Image by: Pixabay
Facebook is open sourcing a tool chain of machine learning (ML) and artificial intelligence (AI) tools that it uses to power many of its own products, including Translate, its open source project based on the company’s machine translation systems.
Facebook calls the tool chain “PyTorch 1.0.” It includes PyTorch, the open source deep learning framework Facebook pioneered around 15 months ago, the deep learning framework called Caffe2 launched two years ago, and finally, the Open Neural Network Exchange (ONNX).
Facebook’s PyTorch 1.0 Tool Chain
During F8, three presentations regarding NMT at Facebook were delivered by Engineering Managers Necip Fazil Ayan and Ves Stoyanov, and Research Scientist Juan Pino.
Pino explained that two years ago, Facebook experimented on ideas with PyTorch, and manually re-implemented any successful tests into Caffe2 for production. However, according to him, this process took a lot of time and did not scale.
So they developed ONNX, “an industry-wide effort led by Facebook, Amazon, and Microsoft,” Pino said.
“In our particular use-case,” he explained, “we leverage ONNX to essentially export a model from one framework to the other.” Pino said ONNX improved model deployment by becoming a middleman that made the process automatic instead of manual, speeding up re-implementation of PyTorch ideas into Caffe2 production environments.

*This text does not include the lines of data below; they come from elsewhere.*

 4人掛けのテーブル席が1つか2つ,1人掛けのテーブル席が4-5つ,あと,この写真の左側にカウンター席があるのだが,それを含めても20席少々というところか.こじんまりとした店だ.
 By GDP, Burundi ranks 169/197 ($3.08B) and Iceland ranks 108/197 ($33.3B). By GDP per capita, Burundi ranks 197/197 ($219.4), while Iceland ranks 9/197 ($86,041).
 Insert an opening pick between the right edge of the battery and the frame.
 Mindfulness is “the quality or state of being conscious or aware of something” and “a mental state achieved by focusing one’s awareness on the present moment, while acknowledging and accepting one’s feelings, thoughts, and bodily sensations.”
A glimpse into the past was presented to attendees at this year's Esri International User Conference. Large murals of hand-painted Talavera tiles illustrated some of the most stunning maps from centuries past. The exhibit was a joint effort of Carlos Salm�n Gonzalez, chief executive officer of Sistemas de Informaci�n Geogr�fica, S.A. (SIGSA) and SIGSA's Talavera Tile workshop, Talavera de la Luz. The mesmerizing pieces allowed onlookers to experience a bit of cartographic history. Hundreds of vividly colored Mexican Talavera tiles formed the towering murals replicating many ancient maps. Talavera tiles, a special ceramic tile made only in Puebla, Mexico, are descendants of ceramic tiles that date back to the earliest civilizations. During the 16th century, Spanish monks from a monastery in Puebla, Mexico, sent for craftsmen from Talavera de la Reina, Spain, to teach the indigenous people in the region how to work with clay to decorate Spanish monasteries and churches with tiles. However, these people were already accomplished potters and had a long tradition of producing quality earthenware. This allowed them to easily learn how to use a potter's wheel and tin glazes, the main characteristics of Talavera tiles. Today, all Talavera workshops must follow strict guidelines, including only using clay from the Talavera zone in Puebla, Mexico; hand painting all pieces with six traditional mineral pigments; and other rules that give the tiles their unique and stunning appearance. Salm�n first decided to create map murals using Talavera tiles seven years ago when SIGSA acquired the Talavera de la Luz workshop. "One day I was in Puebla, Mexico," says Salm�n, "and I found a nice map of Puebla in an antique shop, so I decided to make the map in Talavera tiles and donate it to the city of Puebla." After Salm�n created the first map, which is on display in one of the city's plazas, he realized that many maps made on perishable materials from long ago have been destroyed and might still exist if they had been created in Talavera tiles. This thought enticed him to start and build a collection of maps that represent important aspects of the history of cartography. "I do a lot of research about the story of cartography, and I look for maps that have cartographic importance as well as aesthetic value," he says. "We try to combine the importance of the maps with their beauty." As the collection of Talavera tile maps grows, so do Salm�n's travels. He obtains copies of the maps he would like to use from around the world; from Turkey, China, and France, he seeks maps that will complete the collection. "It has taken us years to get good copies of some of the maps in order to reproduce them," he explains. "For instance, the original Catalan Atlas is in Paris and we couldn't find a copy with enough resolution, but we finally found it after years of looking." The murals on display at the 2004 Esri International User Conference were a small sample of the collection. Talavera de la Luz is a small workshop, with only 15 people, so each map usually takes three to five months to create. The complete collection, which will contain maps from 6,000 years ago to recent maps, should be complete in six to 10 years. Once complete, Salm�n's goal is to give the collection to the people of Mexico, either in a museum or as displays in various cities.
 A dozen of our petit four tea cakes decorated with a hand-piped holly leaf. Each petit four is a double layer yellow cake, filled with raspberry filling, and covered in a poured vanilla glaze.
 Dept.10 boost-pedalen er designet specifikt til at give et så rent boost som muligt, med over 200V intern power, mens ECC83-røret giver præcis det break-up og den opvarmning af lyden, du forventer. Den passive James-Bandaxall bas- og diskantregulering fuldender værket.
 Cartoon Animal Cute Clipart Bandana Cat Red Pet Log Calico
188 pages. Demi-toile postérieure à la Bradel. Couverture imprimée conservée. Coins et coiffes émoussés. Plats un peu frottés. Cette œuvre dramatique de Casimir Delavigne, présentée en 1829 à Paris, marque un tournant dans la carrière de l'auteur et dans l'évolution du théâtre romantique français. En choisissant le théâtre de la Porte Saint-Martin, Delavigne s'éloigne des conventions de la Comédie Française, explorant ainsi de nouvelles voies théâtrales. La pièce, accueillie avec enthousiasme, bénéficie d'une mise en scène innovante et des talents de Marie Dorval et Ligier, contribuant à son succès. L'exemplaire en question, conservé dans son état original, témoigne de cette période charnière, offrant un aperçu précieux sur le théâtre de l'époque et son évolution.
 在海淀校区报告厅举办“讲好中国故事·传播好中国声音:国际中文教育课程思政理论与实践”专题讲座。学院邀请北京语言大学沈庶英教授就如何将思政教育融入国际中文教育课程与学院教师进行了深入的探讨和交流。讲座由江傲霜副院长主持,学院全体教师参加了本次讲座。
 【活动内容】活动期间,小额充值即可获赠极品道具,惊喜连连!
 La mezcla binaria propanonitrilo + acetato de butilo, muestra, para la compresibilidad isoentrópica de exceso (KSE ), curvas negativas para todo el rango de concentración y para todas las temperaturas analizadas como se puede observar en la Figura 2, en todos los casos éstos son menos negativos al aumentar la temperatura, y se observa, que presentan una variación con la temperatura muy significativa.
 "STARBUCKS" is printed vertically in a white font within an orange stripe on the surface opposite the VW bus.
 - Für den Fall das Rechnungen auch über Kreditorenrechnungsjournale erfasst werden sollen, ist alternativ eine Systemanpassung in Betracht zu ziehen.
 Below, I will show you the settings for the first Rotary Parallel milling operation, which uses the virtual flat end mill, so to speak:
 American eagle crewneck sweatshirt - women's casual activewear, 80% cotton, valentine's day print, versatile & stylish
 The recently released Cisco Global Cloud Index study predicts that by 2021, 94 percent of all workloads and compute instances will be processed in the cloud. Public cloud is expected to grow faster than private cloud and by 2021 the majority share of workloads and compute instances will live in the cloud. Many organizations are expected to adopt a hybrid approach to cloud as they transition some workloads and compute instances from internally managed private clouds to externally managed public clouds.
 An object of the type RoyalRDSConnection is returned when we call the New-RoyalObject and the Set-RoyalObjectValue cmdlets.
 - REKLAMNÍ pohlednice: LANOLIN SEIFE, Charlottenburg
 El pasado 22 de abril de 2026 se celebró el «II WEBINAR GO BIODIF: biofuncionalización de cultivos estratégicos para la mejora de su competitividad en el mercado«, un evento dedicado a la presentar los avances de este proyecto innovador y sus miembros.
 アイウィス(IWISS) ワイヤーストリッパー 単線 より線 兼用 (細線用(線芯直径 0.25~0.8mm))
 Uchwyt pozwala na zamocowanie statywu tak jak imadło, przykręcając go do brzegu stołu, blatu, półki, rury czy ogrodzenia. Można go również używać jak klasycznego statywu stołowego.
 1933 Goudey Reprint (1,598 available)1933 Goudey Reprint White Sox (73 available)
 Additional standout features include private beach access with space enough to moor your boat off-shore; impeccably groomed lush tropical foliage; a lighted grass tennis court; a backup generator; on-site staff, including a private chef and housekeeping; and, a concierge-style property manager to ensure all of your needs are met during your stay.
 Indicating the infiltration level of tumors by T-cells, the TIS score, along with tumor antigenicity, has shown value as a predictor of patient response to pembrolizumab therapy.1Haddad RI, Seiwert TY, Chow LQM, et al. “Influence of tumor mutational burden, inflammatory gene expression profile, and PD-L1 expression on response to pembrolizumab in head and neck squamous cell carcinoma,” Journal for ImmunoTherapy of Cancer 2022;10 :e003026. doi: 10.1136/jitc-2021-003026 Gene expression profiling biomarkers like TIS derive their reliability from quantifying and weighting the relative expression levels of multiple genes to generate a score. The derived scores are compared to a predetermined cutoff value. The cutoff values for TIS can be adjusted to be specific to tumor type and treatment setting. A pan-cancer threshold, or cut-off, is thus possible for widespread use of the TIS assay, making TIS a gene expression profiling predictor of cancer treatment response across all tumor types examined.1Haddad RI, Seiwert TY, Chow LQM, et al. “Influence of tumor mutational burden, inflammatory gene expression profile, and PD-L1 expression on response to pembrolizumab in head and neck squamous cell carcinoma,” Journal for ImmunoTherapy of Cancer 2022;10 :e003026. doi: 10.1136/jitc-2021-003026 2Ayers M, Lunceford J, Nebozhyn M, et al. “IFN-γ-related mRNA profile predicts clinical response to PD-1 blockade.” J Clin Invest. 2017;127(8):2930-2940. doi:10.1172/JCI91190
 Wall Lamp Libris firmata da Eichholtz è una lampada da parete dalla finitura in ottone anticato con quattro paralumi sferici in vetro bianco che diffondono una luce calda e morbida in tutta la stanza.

This same tool chain that Facebook will be open-sourcing—PyTorch, ONNX, and Caffe2—is currently in use across the company’s products, such as Facebook and Messenger, Instagram, and Workplace.
A post in Facebook’s developer’s blog reveals that PyTorch 1.0 will be available in beta within the next few months, and “will include a family of tools, libraries, pre-trained models, and datasets for each stage of development, enabling the community to quickly create and deploy new AI innovations at scale.”
Facebook’s research on Multilingual Unsupervised and Supervised Embeddings (MUSE) is likewise being open-sourced. Stoyanov added: “we are also open sourcing our datasets for multilingual understanding.”
Training data limitations are a major hurdle for so-called low-resource languages, language pairs with very little parallel corpora between them. This makes it difficult to build fluent NMT systems for such pairs since neural network engines typically require a large amount of parallel corpora to be effective.
Facebook CTO Schroepfer said their early work in MUSE among many areas of research is “promising work to bring all the tools and technologies they have to 6,000 languages all around the world.”
Since last year, the social media giant has been besieged by a mountain of problems concerning data privacy, hate speech, bullying, propaganda, and fake news on the platform, which led to CEO Mark Zuckerberg’s testimony at Capitol Hill before the US Senate.